▶ Directions
Please, without any pictures, transcribe the lines from the one holding "Rymligt egnahemshus i" to the end of the listing, both ends included.

▶ Data block
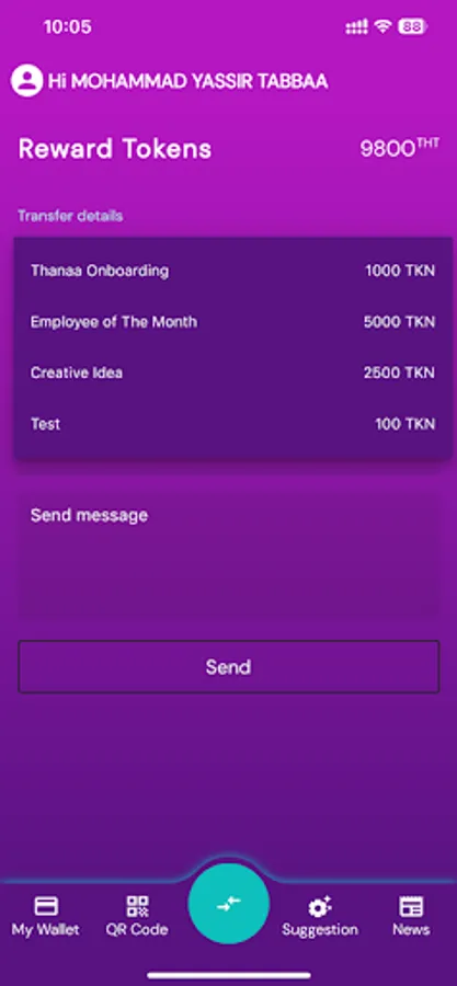 Thanaa is a cutting-edge reward system designed for enterprises. It operates on a private blockchain network, Hyperledger Fabric, and uses a unique token called THT. Users can earn, transact, and redeem THT within the enterprise's closed ecosystem. The Thanaa app has three types of users: users, rewards distributors, and shops.
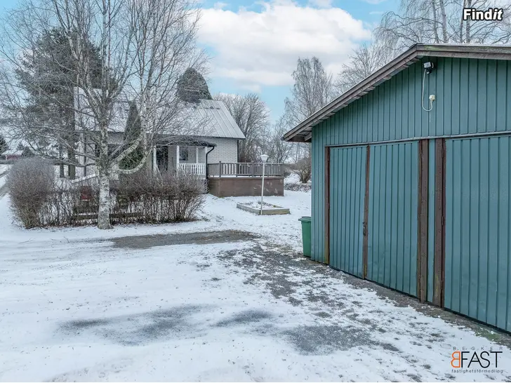 Rymligt egnahemshus i 1½ plan med källarvåning samt separat garagebyggnad på egen tomt om 2 002 m² i Näsby, Närpes, cirka 2 km från Närpes centrum.
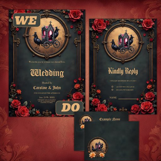 Carruagem gótica com Ravens e Rosas. Uma carruagem no estilo gótico sendo puxada por dois corvos vestindo chapéus superiores, definida dentro de um ornamentado, ouro circular. A carruagem é decorada com flores e tem uma cruz no topo. O fundo é um verde escuro, texturizado, e o quadro é rodeado por rosas vermelhas e ouros decorativos floresce. O humor geral é escuro, elegante e levemente caprichoso.

▶ Answer below
 Rymligt egnahemshus i 1½ plan med källarvåning samt separat garagebyggnad på egen tomt om 2 002 m² i Näsby, Närpes, cirka 2 km från Närpes centrum.
 Carruagem gótica com Ravens e Rosas. Uma carruagem no estilo gótico sendo puxada por dois corvos vestindo chapéus superiores, definida dentro de um ornamentado, ouro circular. A carruagem é decorada com flores e tem uma cruz no topo. O fundo é um verde escuro, texturizado, e o quadro é rodeado por rosas vermelhas e ouros decorativos floresce. O humor geral é escuro, elegante e levemente caprichoso.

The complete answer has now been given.